EventHandler msgHandler(stateManager, telltaleWindow);

Then based on the key event we can change the Pacman state changes by using the QSafeEventChangeState

QSafeEventChangeState pacmanState;

In the "left"-state the sprite image is changed.


We can move the Pacman with the QSafeEventPosition event.

QSafeEventPosition newPosition;
QSafePoint nextPos = getDirection(monster, index);

In QSR 2.0 we have introduced a new API StateManager::getItemAtPosition. It returns the ID of the topmost item in the given position. In this demo, the API is used for collision detection.

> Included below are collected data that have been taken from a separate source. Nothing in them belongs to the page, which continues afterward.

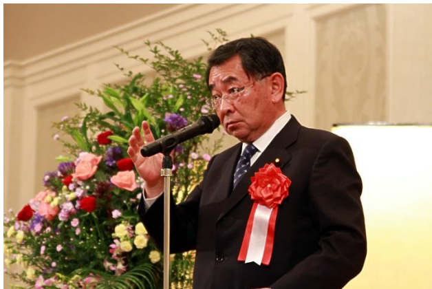
【衆議院議員 塩谷立様】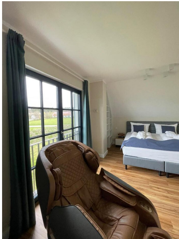
Schlafzimmer mit Massagesessel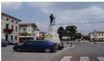
l'attuale sistemazione del centro di Tombolo

E' in dirittura di arrivo il progetto esecutivo di riqualificazione di Piazza PIO X dopo anni di intenso studio e progettazione. Il lungo cammino, partito il 03 Giugno 2005 con il Concorso di Progettazione indetto dal Comune di Tombolo ha impegnato strenuamente una settantina di progettisti, una qualificata giuria, la Sovrintendenza ai Beni Architettonici e Monumentali del Veneto, vari Uffici ed Enti Superiori e l'Amministrazione Comunale.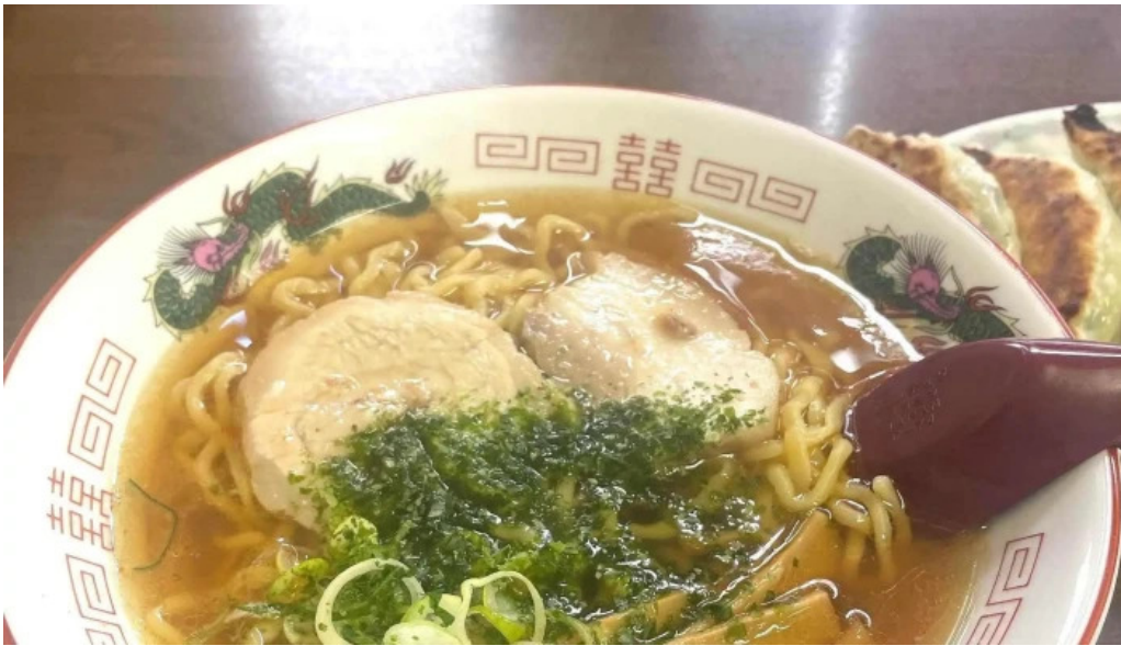
ラーメン ほとり 近く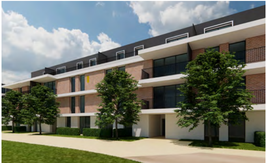
Route d'Annecy 281 à La Croix-de-Rozon (GE)

Das Projekt stellt ein Gesamtinvestitionsvolumen von rund CHF 58 Millionen dar, mit einer Bruttorendite von knapp 4% und einer geplanten Fertigstellung im ersten Quartal 2027.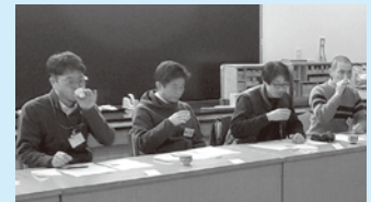
「農業の魅力体験研修会 (茶香服体験)」の様子

中丹広域振興局 農林商工部 中丹東農業改良普及センター TEL: 0773-42-2255 中丹西農業改良普及センター TEL: 0773-22-4901

You can use this API for other purposes like touch handling to find the pressed item.

const quint32 itemId = g_stateManager->getItemAtPosition(x, y);
const LayoutData &item = g_layoutPtr->getLayoutItem(itemId);
if (item.id() == qsafe_hash_string("monster")) {

That's all Folks!

As you can see, writing safety applications using the safe renderer is pretty straightforward. We continue to add support for more QML types in our Qt Safelayout tool in coming releases, but already, there are quite a lot of things you can do with our ASIL-D pre-certified tooling and renderer. Qt Safe Renderer version 2.0 release candidate is already available.